Они подлетели к каньону на вертолете и за полмили до места приземлились на ровном участке, где высадили Камиллу, которая должна была пройти остаток пути пешком, сообщить Джошу, что они прибыли, и объяснить, чего ожидать в ближайшие полчаса. Пока она добиралась до него, они снова поднялись в воздух и обогнули каньон по дуге, приблизившись к нему с другой стороны, чтобы воздушный поток от лопастей не попадал на стену.

Они приземлились на вершине, на плоском и голом куске каменистой земли в сорока ярдах от обрыва, настолько близко к росшим у края низкорослым сосенкам, насколько готов был это сделать пилот.
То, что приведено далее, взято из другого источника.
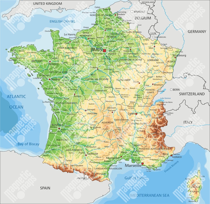 Magnetická mapa Francie, geografická, barevná

Он выключил турбины, и вокруг сомкнулась первобытная тишина. О более идеальном дне и просить было нельзя. Чистое темно-синее небо, солнце стоит так высоко, что не дает бликов, дождя не предвещается, а ветер лишь изредка превышает пять миль в час.

Высадившись, Таннер и двое его напарников закрепили веревки на паре лебедок, приделанных к борту вертолета. Они подошли к краю, миновав редкую цепочку искореженных стихиями сосен, чьи стволы за десятилетия роста на ветру закрутились штопорами. Таннер и Шон, второй скалолаз, которому этим утром предстояло заниматься поднятием тяжестей, подтащили веревки к обрыву и спустили их вниз, по обе стороны карниза — обиталища Джоша на протяжении последних сорока четырех часов.